Simon Cooke, the current Chief Executive at MSI Reproductive, states that it is the events of ‘Black Lives Matter’ that have led to the decision to rebrand. That Stopes views on eugenics are incompatible.

Although this appears to be an influential move for activism, all five of the executive team at MSI Reproductive are Caucasian. Therefore, the brand is only on the outside and not embedded within the culture of the organisation. So why are they using this ‘brand’ now?

MSI Reproductive have been calling for more funding from the NHS for several years due to spending cuts on sexual health. In 2019, Johnathan Lord, MSI’s Medical Director stated that preventative measures to avoid pregnancy are not available due to the current lack of finances.

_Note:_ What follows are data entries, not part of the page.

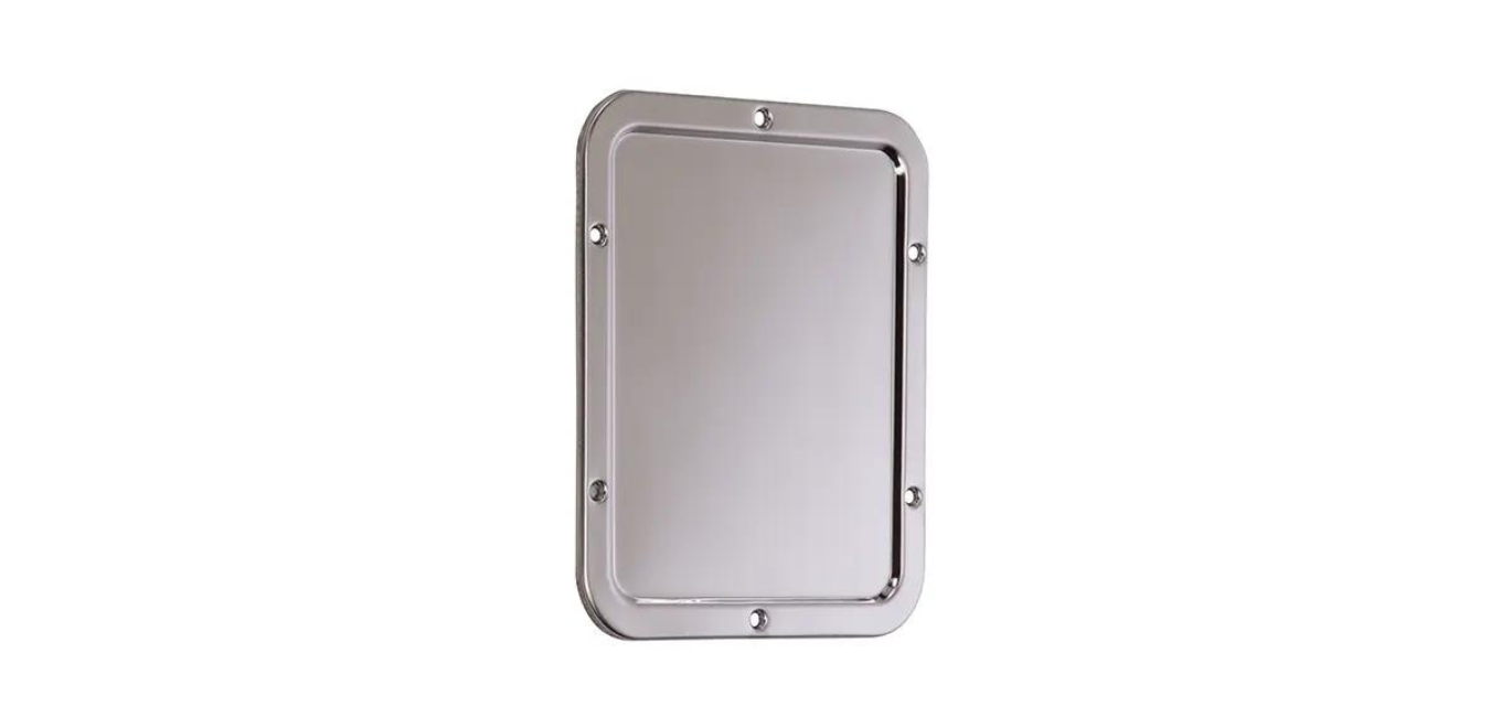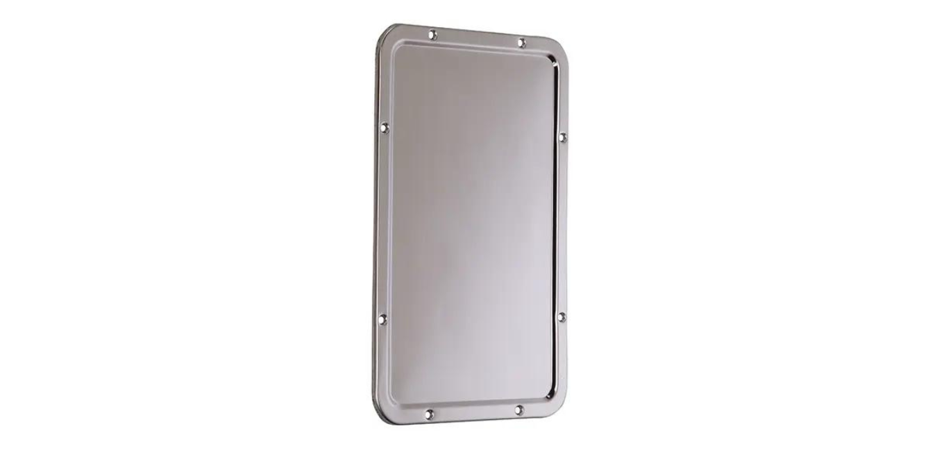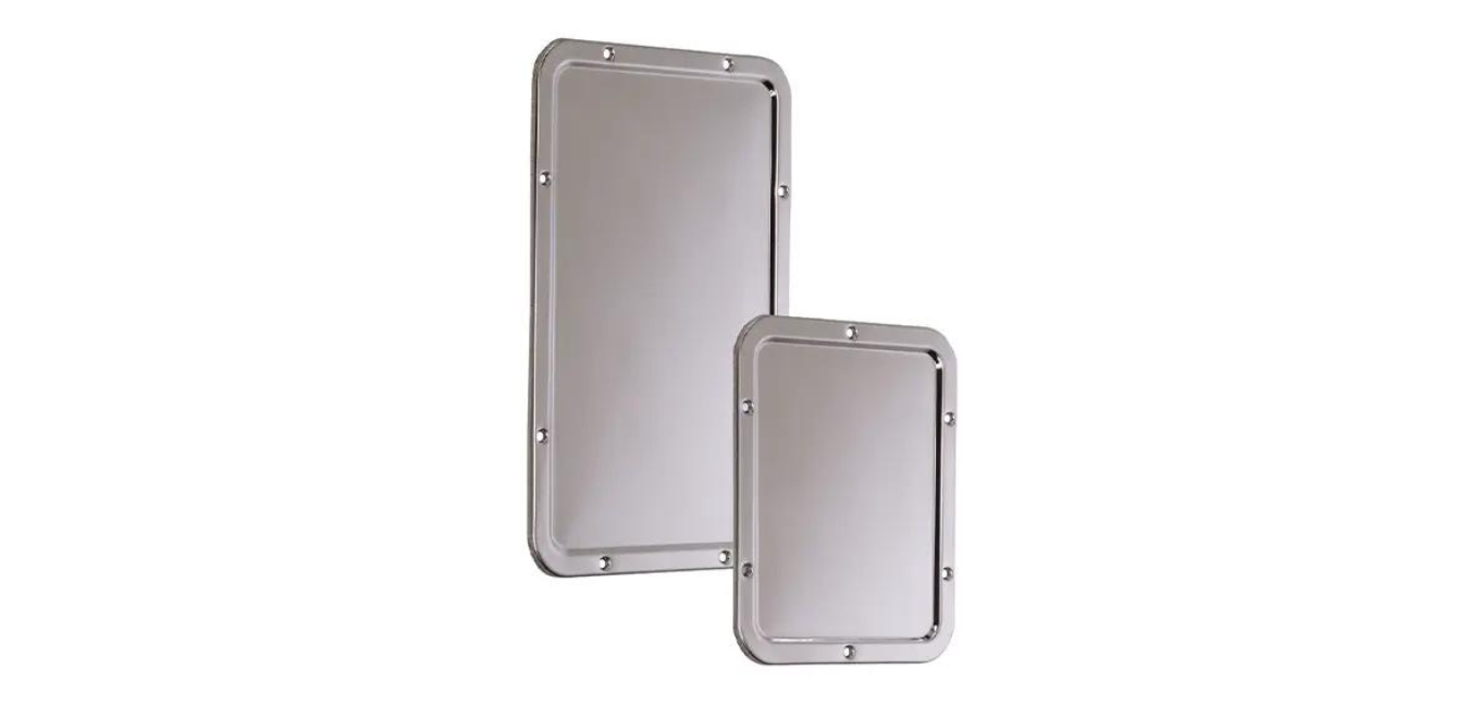 The mirror is one-piece #304 stainless steel. Highly polished #8 finish. Three standard sizes: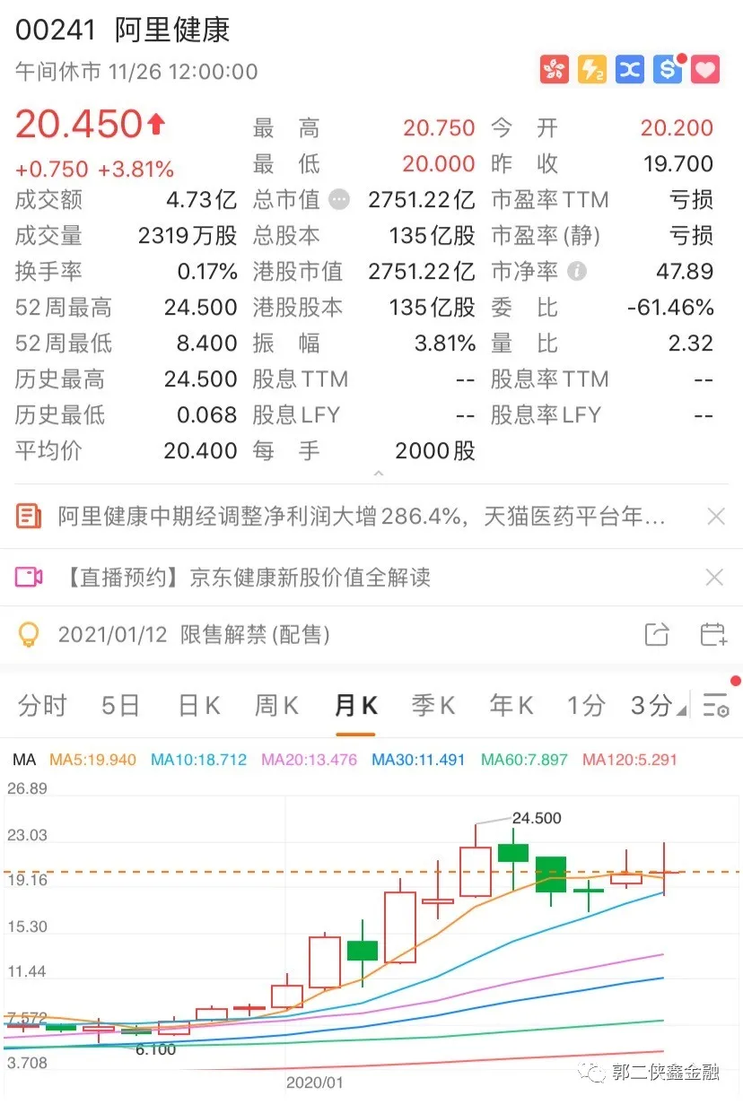 京东健康和阿里健康是一个级别的,对标阿里健康,2020财年(2019年4月1日—2020年3月31日)营收96亿元,经调整净利为2.61亿元;2020上半财年(4月1日—9月30日)实现收入71.62亿元,经调整后利润净额达到4.36亿元,同比增长286.4%。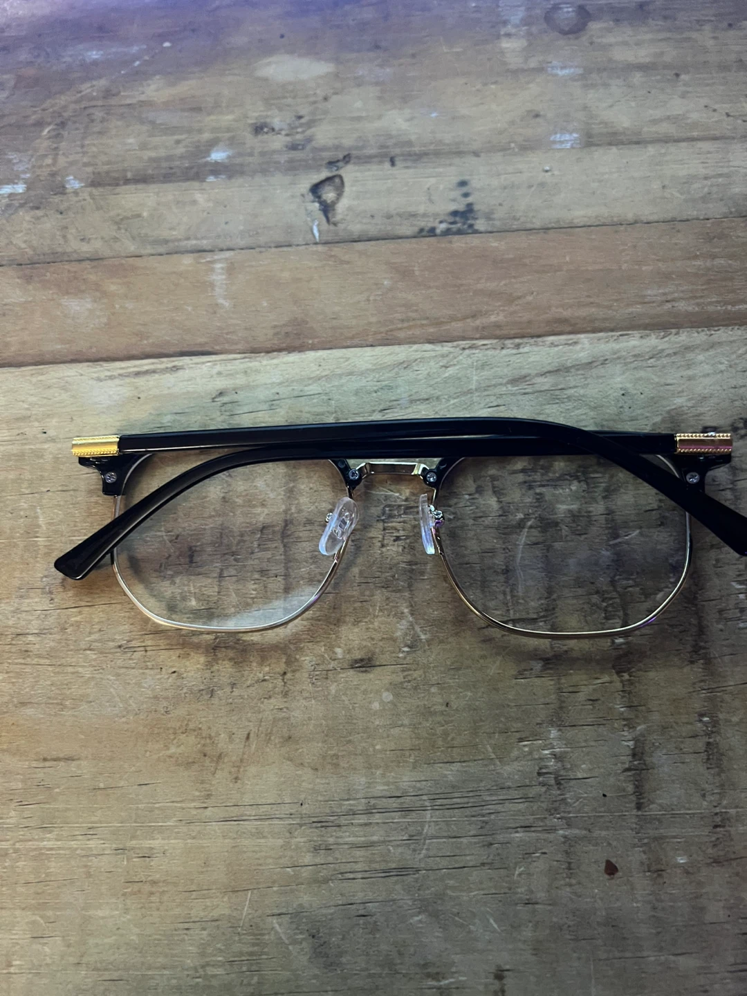 These clubmaster-style glasses have a black acetate top bar and gold metal rims. They feature clear lenses and adjustable nose pads. These frames are suitable for blue light lenses.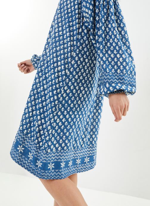 Cut in soft viscose modal, this easy to wear v-neck midi dress features a gorgeous small-motif, vintage-inspired indigo print with a contrast border.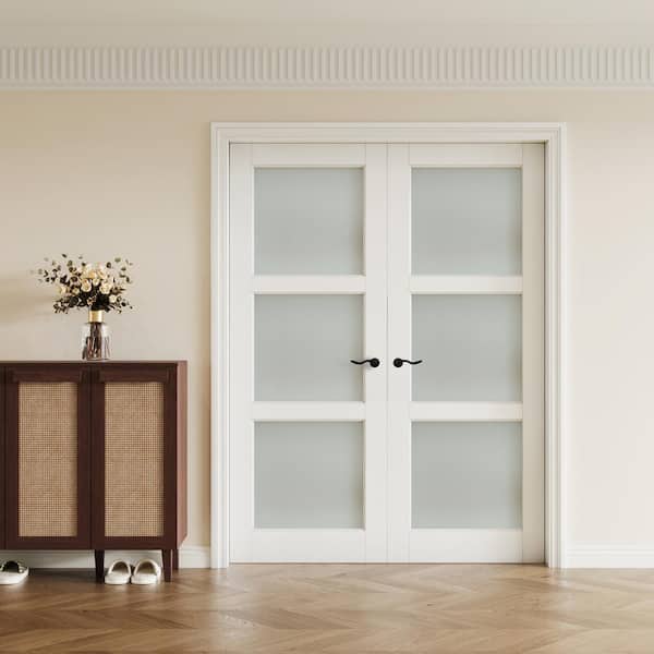 64 in. x 96 in. 3-Lite Frosted Glass White Solid Core Wood Finished MDF Prehung French Door with Quick Assemble Jamb Kit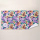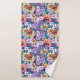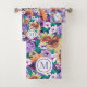 Patrón de collage de flores de verano coloridas. Monograma opcional. Colores púrpura, amarillo y verde.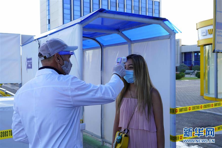 8月15日,在乌兹别克斯坦首都塔什干火车站,工作人员为乘客测量体温。 乌兹别克斯坦国家疫情防控特别委员会13日决定,自本月15日起,恢复国内航空、铁路运输和公共交通,疗养院、旅馆、博物馆、理发店和私立教育培训机构等恢复营业。 新华社发(扎法尔摄)
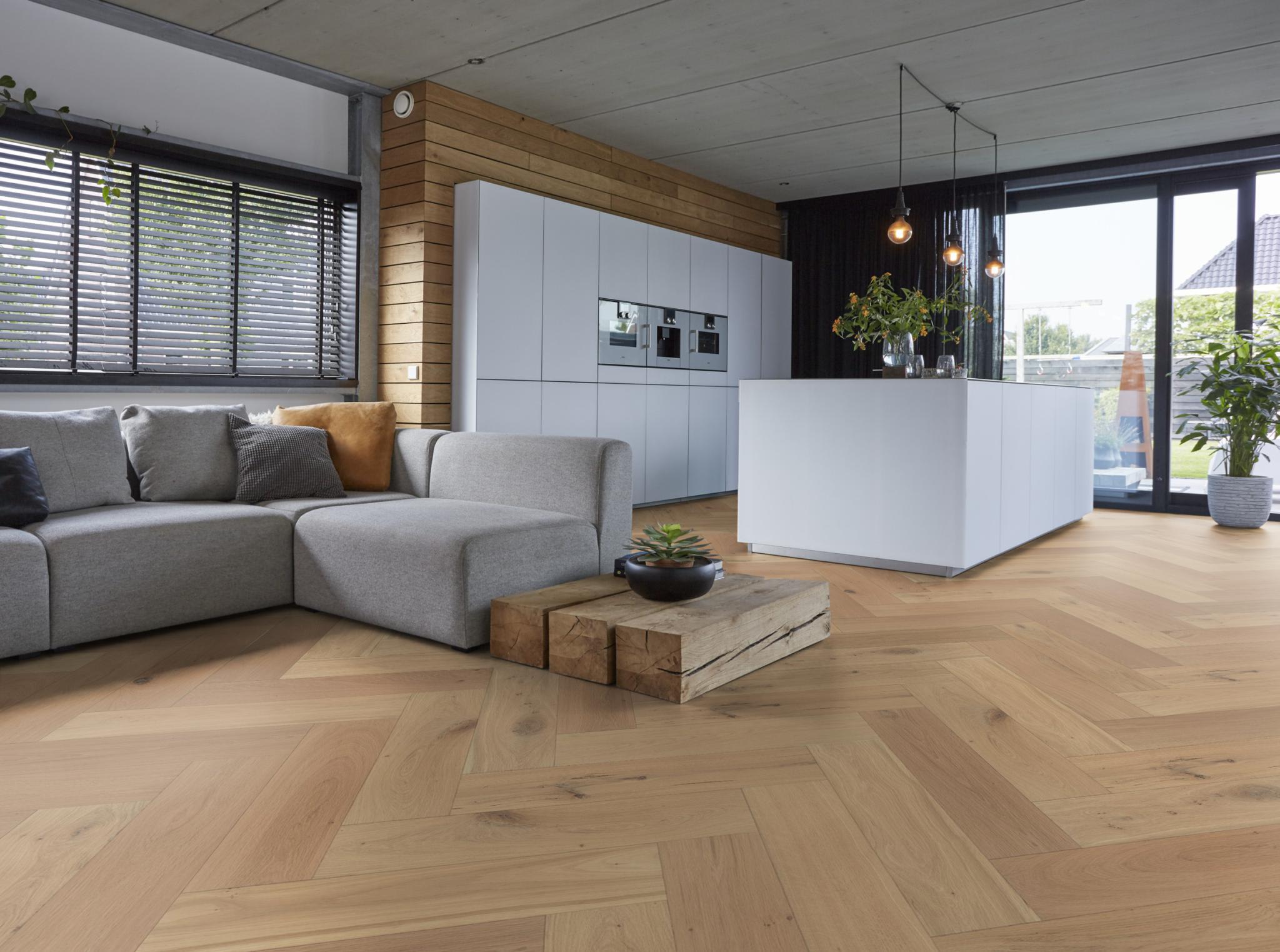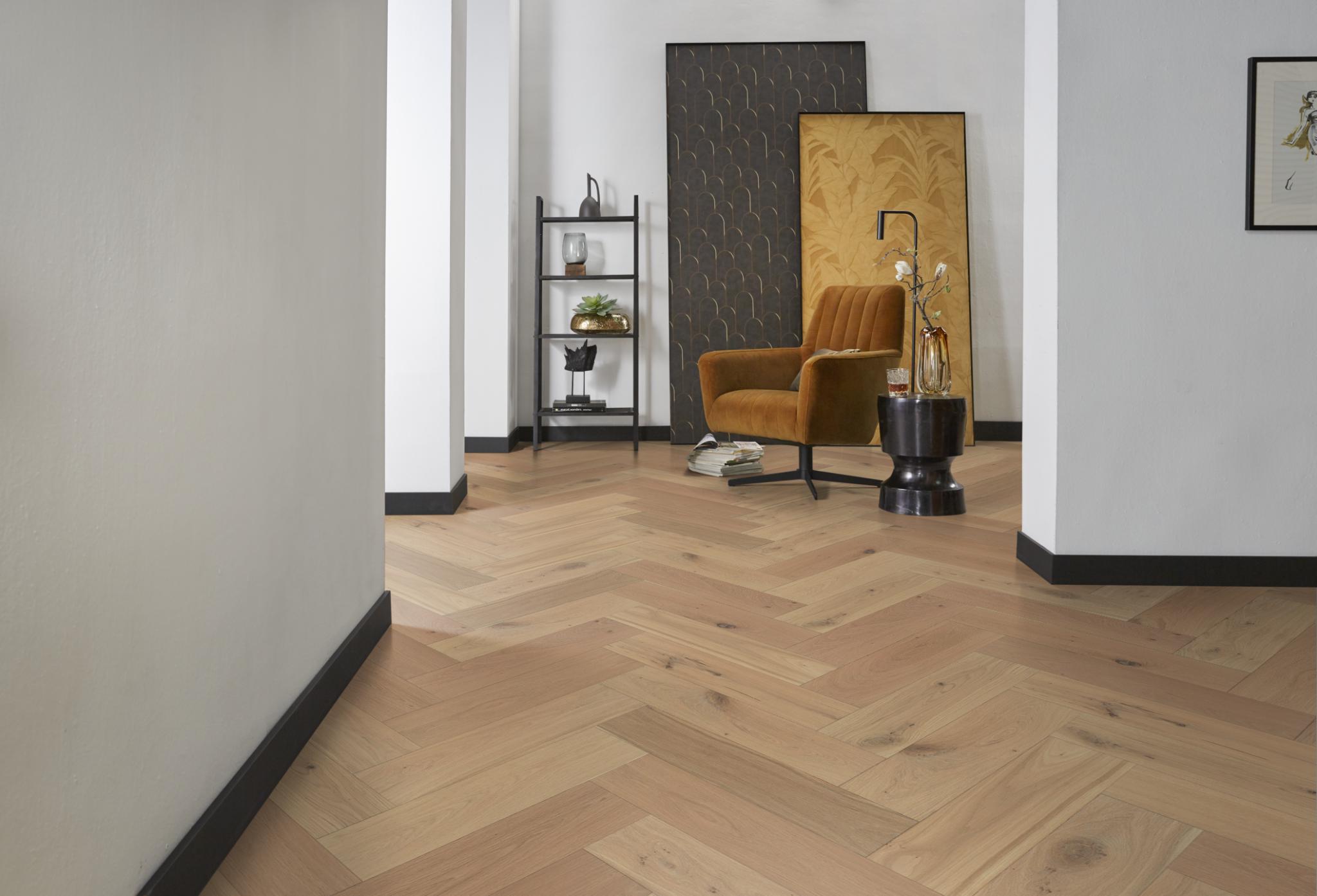 De Reseda visgraat is een trendy visgraat vloer. De vierzijdige V-groef geeft de vloer een bijzonder effect. Uniek is dat deze vloer ook geschikt is voor op de trap. Daarnaast is deze vloer ook onbehandeld verkrijgbaar de vloer in de gewenste vloer afgewerkt kan worden.

In September this year, figures were released to show that abortions were on the increase, at almost 40% higher than previous years. Dr Jonathan Lord reiterated a lack of funding and the inability of women to access contraceptive services during the pandemic.

He states that some funding has been put in to help access via online services, which have allowed the vulnerable to get support while not having to inform violent partners and family. They made a plea to the Government to ensure that funding for this becomes permanent.

As this statement was released immediately prior to the name change press release, is there an inner hope that the government will reward the company for their brand activism? Is Marie Stopes being condemned to gain funding or is it truly due to the eugenic link?